── Recorded information ──
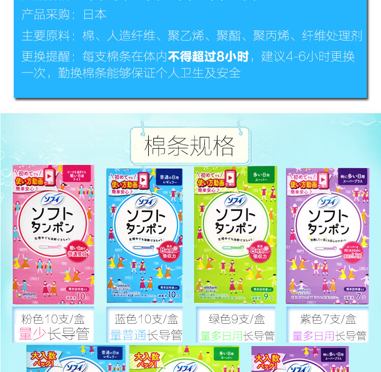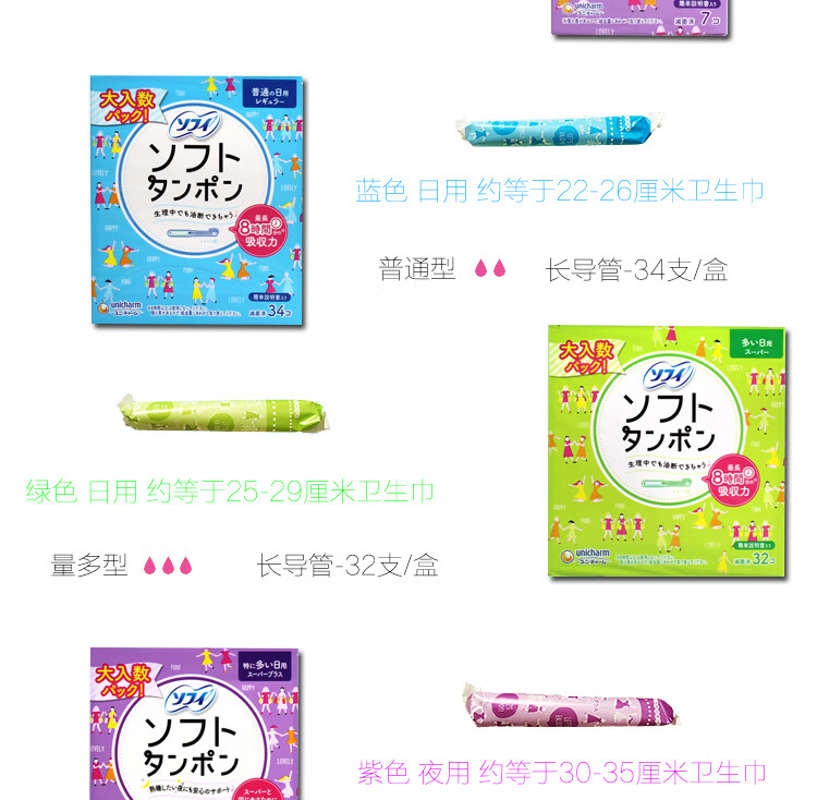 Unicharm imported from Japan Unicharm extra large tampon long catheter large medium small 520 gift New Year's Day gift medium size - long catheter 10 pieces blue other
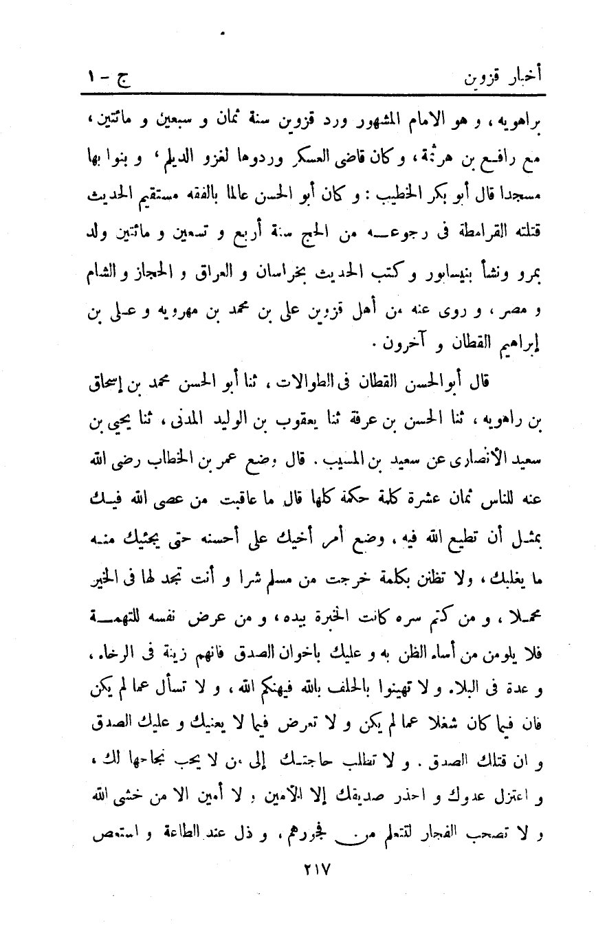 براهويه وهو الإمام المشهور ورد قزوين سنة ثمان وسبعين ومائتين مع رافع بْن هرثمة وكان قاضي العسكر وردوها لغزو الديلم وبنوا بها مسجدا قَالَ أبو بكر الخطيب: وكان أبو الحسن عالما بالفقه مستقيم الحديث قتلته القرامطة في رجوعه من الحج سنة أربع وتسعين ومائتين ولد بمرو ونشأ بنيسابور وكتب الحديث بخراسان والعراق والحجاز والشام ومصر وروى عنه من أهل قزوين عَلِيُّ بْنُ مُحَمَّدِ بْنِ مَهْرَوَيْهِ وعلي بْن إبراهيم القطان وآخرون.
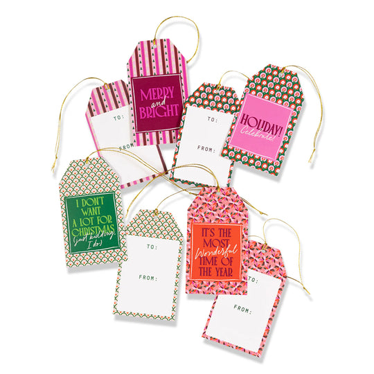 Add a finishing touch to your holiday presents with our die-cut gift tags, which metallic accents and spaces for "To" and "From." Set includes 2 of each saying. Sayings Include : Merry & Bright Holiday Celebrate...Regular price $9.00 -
───
# Work task
Would you give the data above again word for word, skipping any images?

# Output for this exercise
 Unicharm imported from Japan Unicharm extra large tampon long catheter large medium small 520 gift New Year's Day gift medium size - long catheter 10 pieces blue other
 براهويه وهو الإمام المشهور ورد قزوين سنة ثمان وسبعين ومائتين مع رافع بْن هرثمة وكان قاضي العسكر وردوها لغزو الديلم وبنوا بها مسجدا قَالَ أبو بكر الخطيب: وكان أبو الحسن عالما بالفقه مستقيم الحديث قتلته القرامطة في رجوعه من الحج سنة أربع وتسعين ومائتين ولد بمرو ونشأ بنيسابور وكتب الحديث بخراسان والعراق والحجاز والشام ومصر وروى عنه من أهل قزوين عَلِيُّ بْنُ مُحَمَّدِ بْنِ مَهْرَوَيْهِ وعلي بْن إبراهيم القطان وآخرون.
 Add a finishing touch to your holiday presents with our die-cut gift tags, which metallic accents and spaces for "To" and "From." Set includes 2 of each saying. Sayings Include : Merry & Bright Holiday Celebrate...Regular price $9.00 -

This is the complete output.